─── Input records
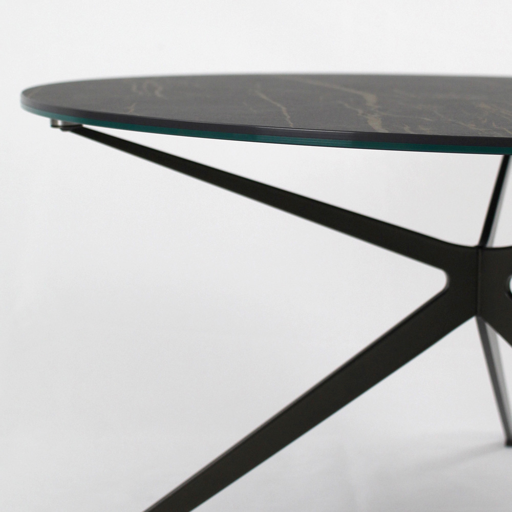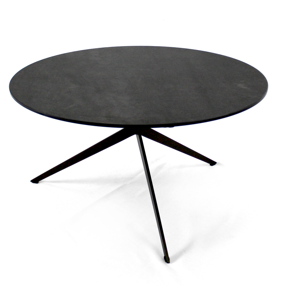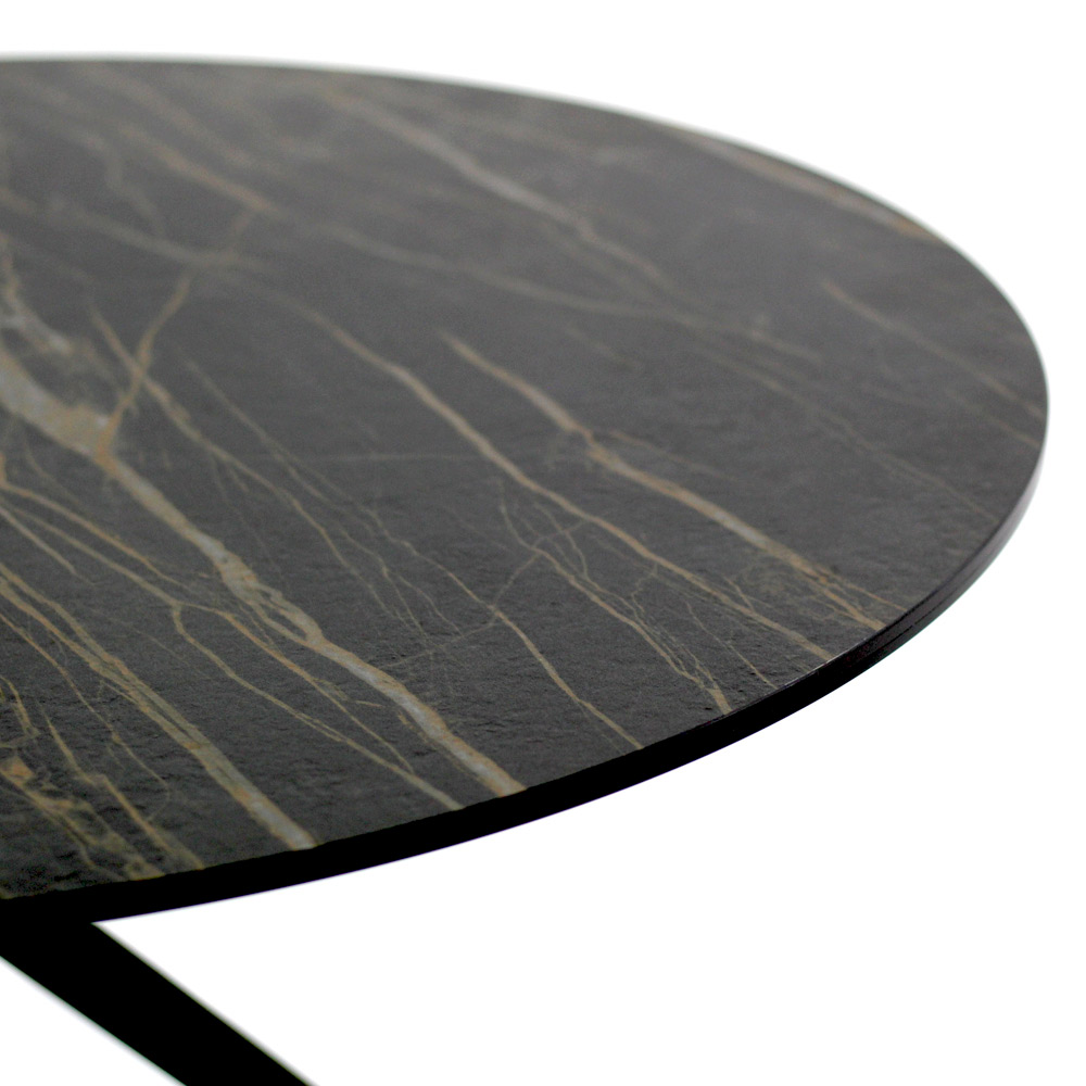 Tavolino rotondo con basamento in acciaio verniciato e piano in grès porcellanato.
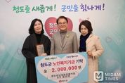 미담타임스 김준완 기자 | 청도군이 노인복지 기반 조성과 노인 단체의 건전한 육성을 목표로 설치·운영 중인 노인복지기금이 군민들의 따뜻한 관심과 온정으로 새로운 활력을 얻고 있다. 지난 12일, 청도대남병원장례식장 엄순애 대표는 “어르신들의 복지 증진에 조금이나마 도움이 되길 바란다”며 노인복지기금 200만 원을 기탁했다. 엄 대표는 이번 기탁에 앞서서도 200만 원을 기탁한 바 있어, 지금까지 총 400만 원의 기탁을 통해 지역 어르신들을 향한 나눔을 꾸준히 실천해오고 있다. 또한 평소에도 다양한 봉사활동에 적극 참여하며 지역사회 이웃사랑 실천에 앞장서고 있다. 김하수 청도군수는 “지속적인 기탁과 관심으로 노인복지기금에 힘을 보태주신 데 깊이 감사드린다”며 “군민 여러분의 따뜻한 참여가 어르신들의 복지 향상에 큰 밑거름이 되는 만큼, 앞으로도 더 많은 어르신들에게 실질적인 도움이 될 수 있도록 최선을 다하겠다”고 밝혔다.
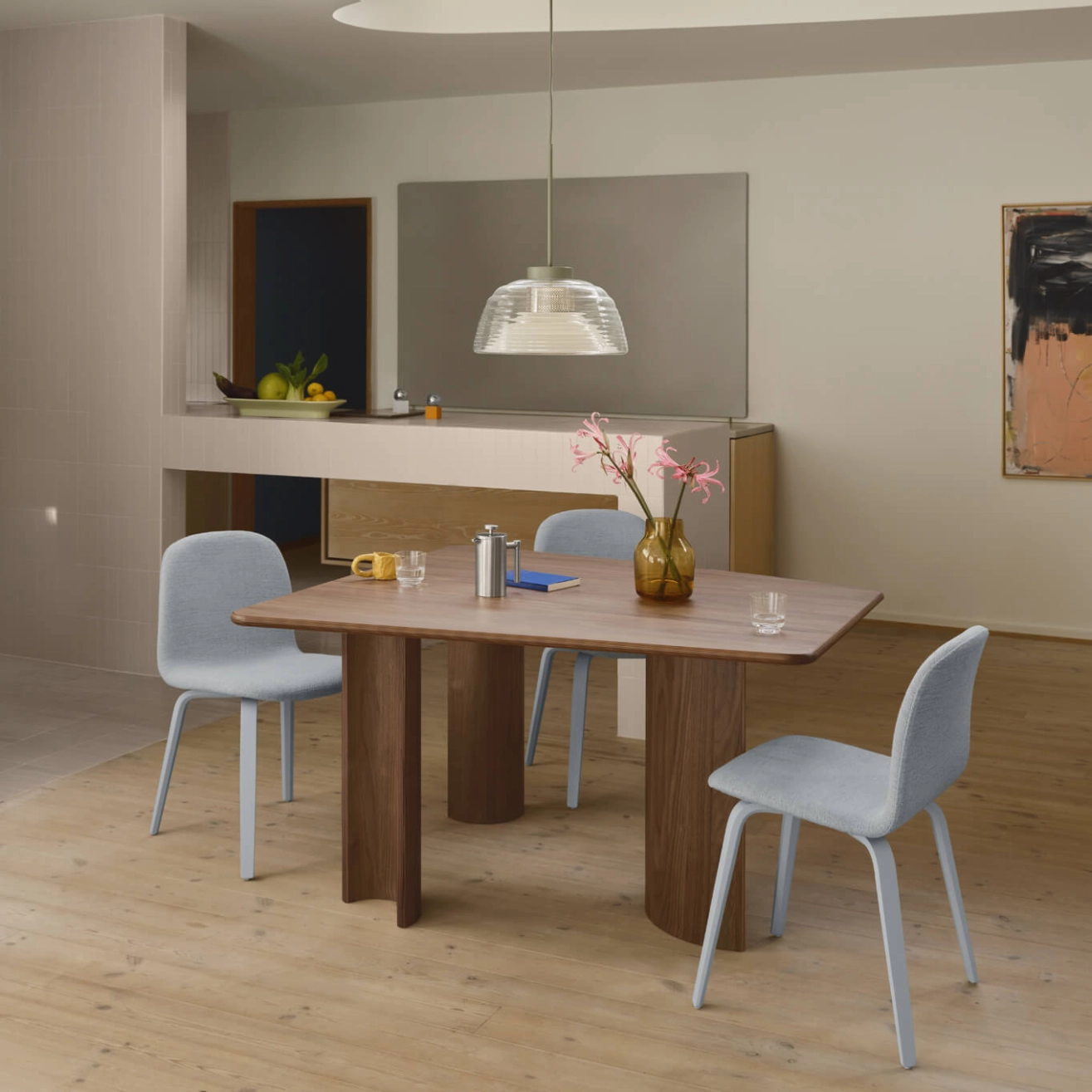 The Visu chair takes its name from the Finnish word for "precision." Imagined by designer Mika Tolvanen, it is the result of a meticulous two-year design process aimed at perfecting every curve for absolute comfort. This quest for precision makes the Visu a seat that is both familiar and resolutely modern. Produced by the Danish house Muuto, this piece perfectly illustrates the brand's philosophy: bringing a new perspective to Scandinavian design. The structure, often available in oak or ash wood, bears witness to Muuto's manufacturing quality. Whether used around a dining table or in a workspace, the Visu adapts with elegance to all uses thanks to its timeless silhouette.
──────
─── Input records
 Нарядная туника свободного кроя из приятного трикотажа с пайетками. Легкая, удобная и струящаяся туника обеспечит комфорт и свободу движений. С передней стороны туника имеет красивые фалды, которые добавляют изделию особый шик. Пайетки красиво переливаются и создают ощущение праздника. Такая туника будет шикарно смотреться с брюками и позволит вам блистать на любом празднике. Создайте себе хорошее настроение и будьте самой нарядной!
──────
─── Input records
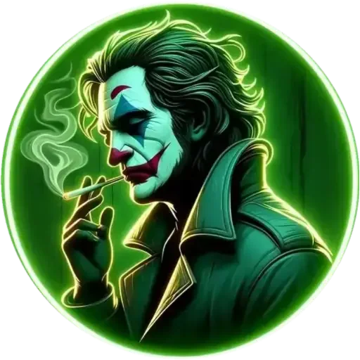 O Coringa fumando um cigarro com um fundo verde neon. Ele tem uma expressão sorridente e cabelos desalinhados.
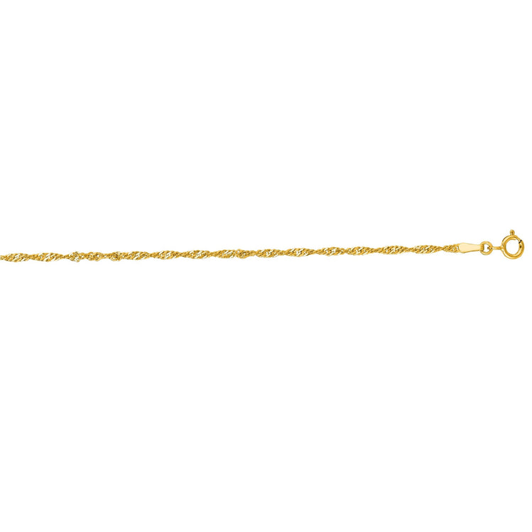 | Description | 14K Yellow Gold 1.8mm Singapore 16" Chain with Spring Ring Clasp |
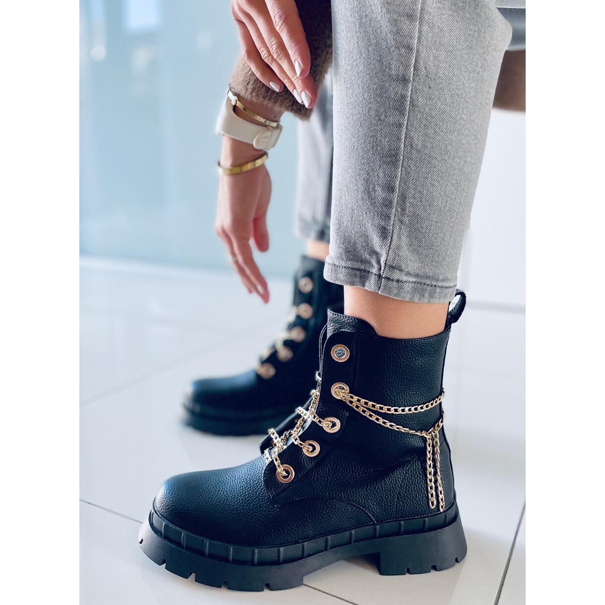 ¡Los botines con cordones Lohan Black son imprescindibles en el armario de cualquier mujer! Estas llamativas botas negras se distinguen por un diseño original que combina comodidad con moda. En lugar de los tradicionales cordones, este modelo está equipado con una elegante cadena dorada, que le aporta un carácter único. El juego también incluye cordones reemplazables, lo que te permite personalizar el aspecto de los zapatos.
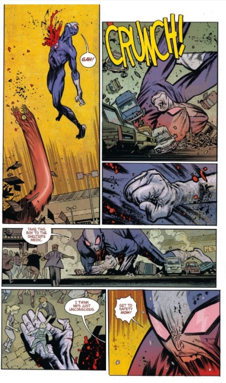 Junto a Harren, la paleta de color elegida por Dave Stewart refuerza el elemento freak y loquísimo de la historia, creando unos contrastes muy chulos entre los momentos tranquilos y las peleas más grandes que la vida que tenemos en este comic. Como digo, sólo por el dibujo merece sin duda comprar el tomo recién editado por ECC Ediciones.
──────
• **Task requirements**: Restate the lines above from the one containing "Tavolino rotondo con" through the one containing "미담타임스 김준완 기자", inclusive, exactly and without pictures.

• **Result of this task**:
 Tavolino rotondo con basamento in acciaio verniciato e piano in grès porcellanato.
 미담타임스 김준완 기자 | 청도군이 노인복지 기반 조성과 노인 단체의 건전한 육성을 목표로 설치·운영 중인 노인복지기금이 군민들의 따뜻한 관심과 온정으로 새로운 활력을 얻고 있다. 지난 12일, 청도대남병원장례식장 엄순애 대표는 “어르신들의 복지 증진에 조금이나마 도움이 되길 바란다”며 노인복지기금 200만 원을 기탁했다. 엄 대표는 이번 기탁에 앞서서도 200만 원을 기탁한 바 있어, 지금까지 총 400만 원의 기탁을 통해 지역 어르신들을 향한 나눔을 꾸준히 실천해오고 있다. 또한 평소에도 다양한 봉사활동에 적극 참여하며 지역사회 이웃사랑 실천에 앞장서고 있다. 김하수 청도군수는 “지속적인 기탁과 관심으로 노인복지기금에 힘을 보태주신 데 깊이 감사드린다”며 “군민 여러분의 따뜻한 참여가 어르신들의 복지 향상에 큰 밑거름이 되는 만큼, 앞으로도 더 많은 어르신들에게 실질적인 도움이 될 수 있도록 최선을 다하겠다”고 밝혔다.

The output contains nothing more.